Thanks Sailingdog! Already considered that. For the next few years, we will be doing daysails and overnights coastal cruising....no more than 4-5 miles out. We have three children, two under the age of 3, so it will more than likely be limited to day trips in the bay. I will save the pennies in the meantime and get a better Built-in VHF unit that does support DSC, etc...

Just need a quick and inexpensive fix to get us through the season.


----------



## scurvy (Jul 24, 2006)

SEMIJim said:


> Scurvy,
> 
> Agree w/what SD said: Re: Hand-held vs. mounted radio wrt range. I'd maybe have a hand-held as a backup, but never as my primary.
> 
> To all suggesting he check his antenna with an SWR meter: That'll only work if his transmitter is actually transmitting anything . If the antenna system _is_ at fault, it sounds like it's so bad either his transmitter is immediately shutting-down to protect itself or its fried. Good luck! Jim


Thanks Jim,
Just purchased a new antenna and will run up the mast this weekend. The antenna may have been damaged when the mast was stepped? Everything seemed to be working fine before she went into the water???

Thanks 
Chris


----------



## sailingdog (Mar 19, 2006)

Glad to help Scurvy... have a couple of oranges on me...


----------



## Everlong (Nov 20, 2006)

antenna can not be faulty, if anything, its the wiring, the first thing i would do, is hookup (or just hold it there) an automotive bulb 12v 20w(?) where the plug from the antenna goes on your radio, and pres transmit (TX) on your radio, see if the bulb lights up, that should not be done over longer period of times that a fraction of the second. If it does, it will tell you that your radio is transmitting. Get a coat hanger just like somebody suggested here, and see if you can talk to someone using that Check the wiring, plugs, solder points etc on the cable. Sometimes its also possible for the radio to get missaligned, but i doubt that it would get that bad, and your buddy wouldnt hear you at all.


----------



## scurvy (Jul 24, 2006)

Everlong said:


> antenna can not be faulty, if anything, its the wiring, the first thing i would do, is hookup (or just hold it there) an automotive bulb 12v 20w(?) where the plug from the antenna goes on your radio, and pres transmit (TX) on your radio, see if the bulb lights up, that should not be done over longer period of times that a fraction of the second.


Hi Everlong!

WOW...really??? I have never heard of this method. I will back check all the connections, though they all seemed to be pretty good, but I will take them apart and readjust to make sure. How can you be so sure that it isn't the antenna? Just curoius...?

Chris


----------



## camaraderie (May 22, 2002)

Antennas almost never go "bad" what goes bd is the connection between them and your radio...at the ends or through moisture leaching in under the cable cover over time and destroying the electrical conductivity of the cable.
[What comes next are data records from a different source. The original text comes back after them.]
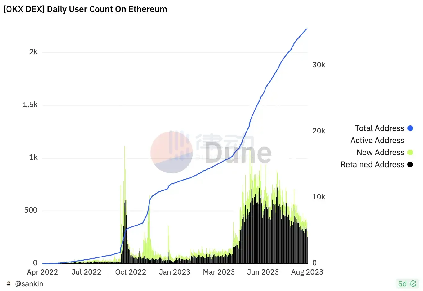 据 Dune 数据显示,OKX DEX 用户数量从今年 4 月份进入爆发式增长,其中以太坊链上每日用户地址总数已从年初的 12205 增长至 6 月份的 28383,增幅超过 130%。此外,OKX DEX 聚合的 DEX 数量已经从 100+到 300+,涨幅超过 200%,跨链网桥数量从 3+到 15+;支持的公链数量从 10+到 20+。
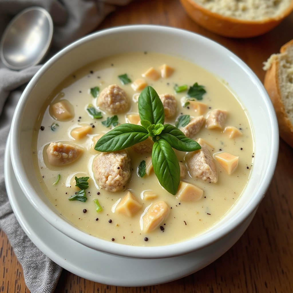 7. Sirve caliente en tazones individuales. Puedes decorar con una hoja de albahaca fresca para presentar.
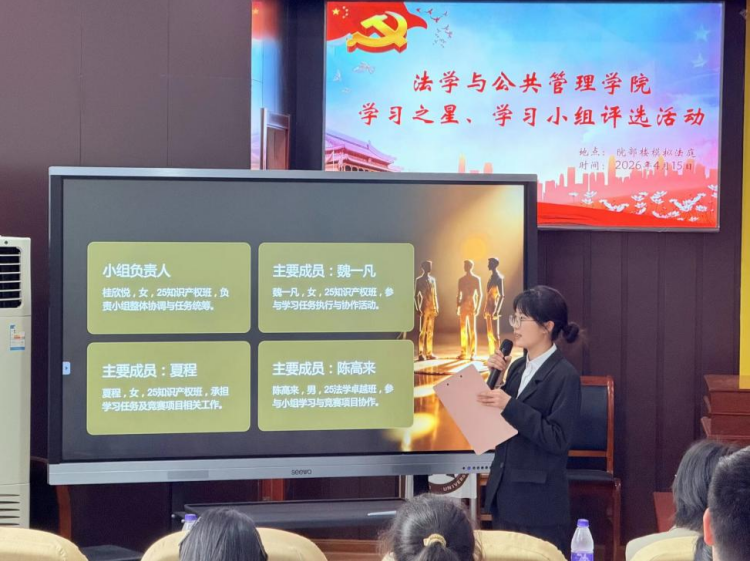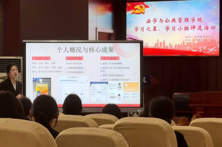 为深化专业学习成效,营造互帮互鉴、积极向上的优良学风,法学与公共管理学院开展2026年学风建设先进典型评选活动。4月15日下午,评选活动在院部楼模拟法庭圆满落幕,评选出学习方法创新、学习成效突出、示范带动作用明显的“学习小组”“学习之星”。
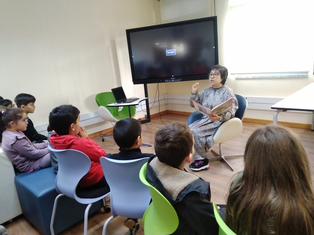 “A verdadeira história do Pai Natal” de Colette Seigue foi a obra lida na hora do conto que foi seguida da visualização do filme de animação “Klaus: a origem do Pai Natal”.
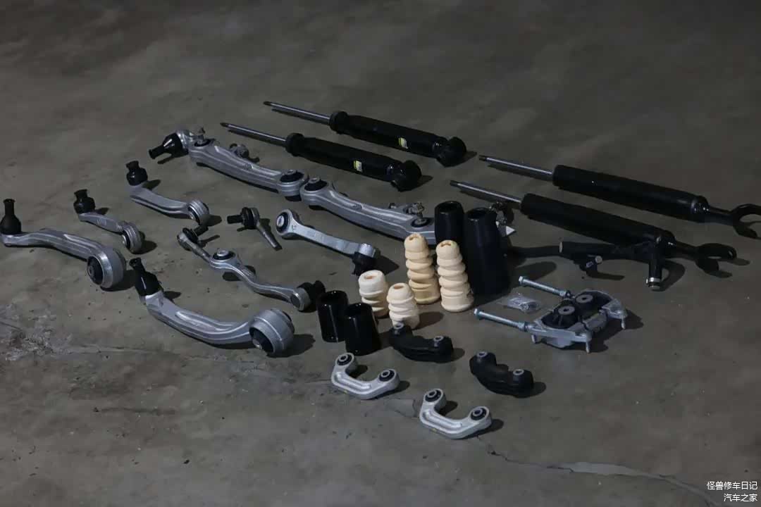 底盘件整体更新,避震器、摆臂、拉杆、支臂、球头、防尘套等。
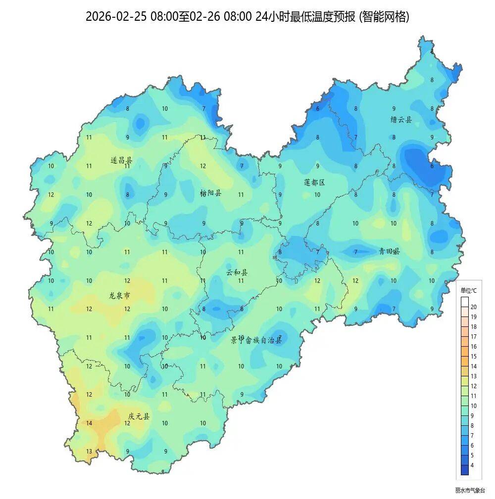 最低气温趋势:低1~2℃ 丽水明天早晨最低气温:9~10℃
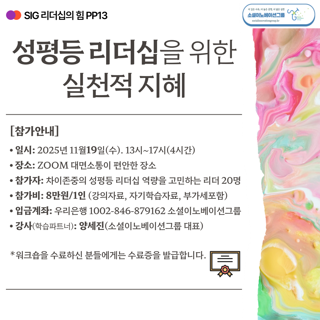 모두의 평등을 존중하는 ‘평평한 존재론, 상호얽힘, 공동생성’의 시대에 성평등 리더십을 강화하기 위한 실천적 지혜를 내면화하는 학습의 장에 성평등 리더 여러분을 초대합니다.
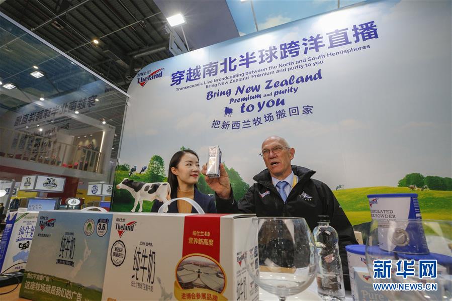 11月7日,罗伊(右)在第三届进博会纽仕兰乳业展台直播带货。新华社记者 张玉薇 摄
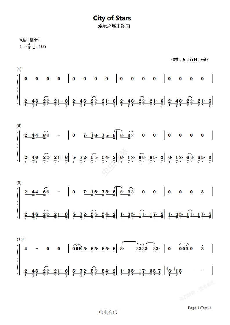 钢琴谱:[双手简谱]City of Stars 爱乐之城 主题曲 轻快版
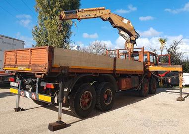 Autocarro in discrete condizioni generali 4 assi 8x2 Cambio manuale Sospensioni a balestra Motore - IVECO 8061 6 CILINDRI Anno: 1971 Portata: 7.500 Kg Peso a pieno carico: 22.000 Kg Potenza netta: 220 CV - 163 Kw Pneumatici al 60% GRU mod. PM 34003 Anno: 1980 Portata max: 17.000 Kg Portata a 9,97 mt: 3100 Kg
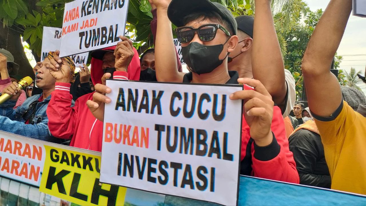 “Kita desak tutup sementara, sampai mereka nggak mencemari lingkungan lagi,” tegas Afif, sambil menunjukkan poster “ANAK CUCU BUKAN TUMBAL INVESTASI”.
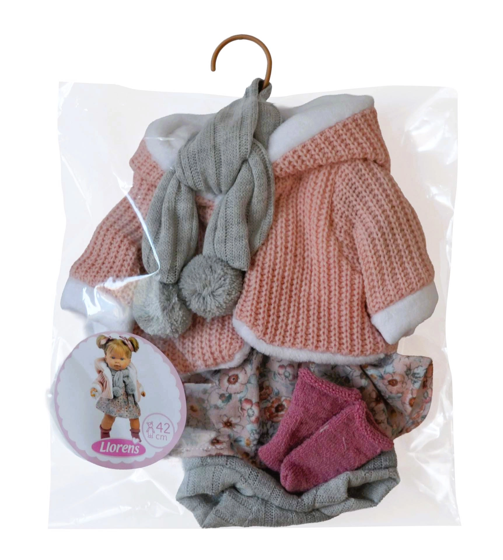 Un ensemble stylé de 5 pièces pour poupées de 42 cm qui offre une parfaite combinaison de confort et d’élégance. Il comprend une veste à capuche tricotée rose, une écharpe grise à pompons, une jupe à fleurs, un short gris et des chaussettes roses. L’ensemble est fabriqué à la main en Espagne, soigneusement conçu et idéal pour développer l’imagination et les compétences lors de l’habillage des poupées.
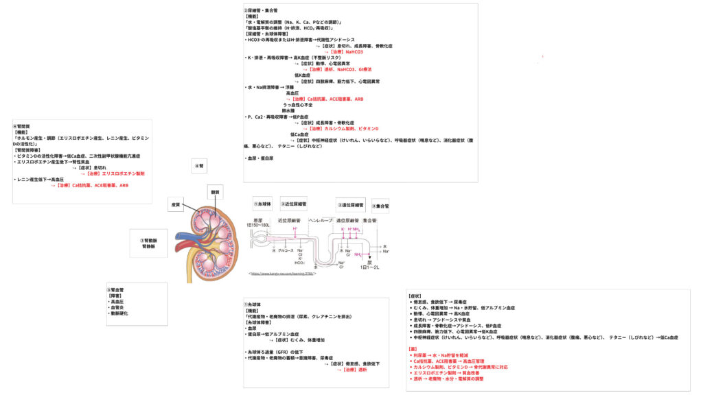 実習中に「この患者さんの高カリウム血症はなぜ起きているのか?」と考えるとき、学習マップが頭にあるとスムーズに説明できます。

Do NOT install your new antenna until you have checked out the other stuff I and others have advised. You will more than likely want to get your $$ back.


----------



## scurvy (Jul 24, 2006)

camaraderie said:


> Antennas almost never go "bad" what goes bd is the connection between them and your radio...at the ends or through moisture leaching in under the cable cover over time and destroying the electrical conductivity of the cable.


The only section that was not replaced was the bit of coax that runs
from the radio to the connection at the mast. Perhaps this has gone bad, or the 
connectors are not compatible (too old or corroded) though I visually inspected them earlier and they seemed fine? I can always replace the coax that connects the antenna to the unit.

I need to find someone at the club that will let me test out on their system to see if in fact it is either the connection(s) on my end, or that the radio is shot. Will take it from there. I will hold off on the antenna, but will hold on to it for the future (got a sweet deal on it, so no biggy!)

Chris


----------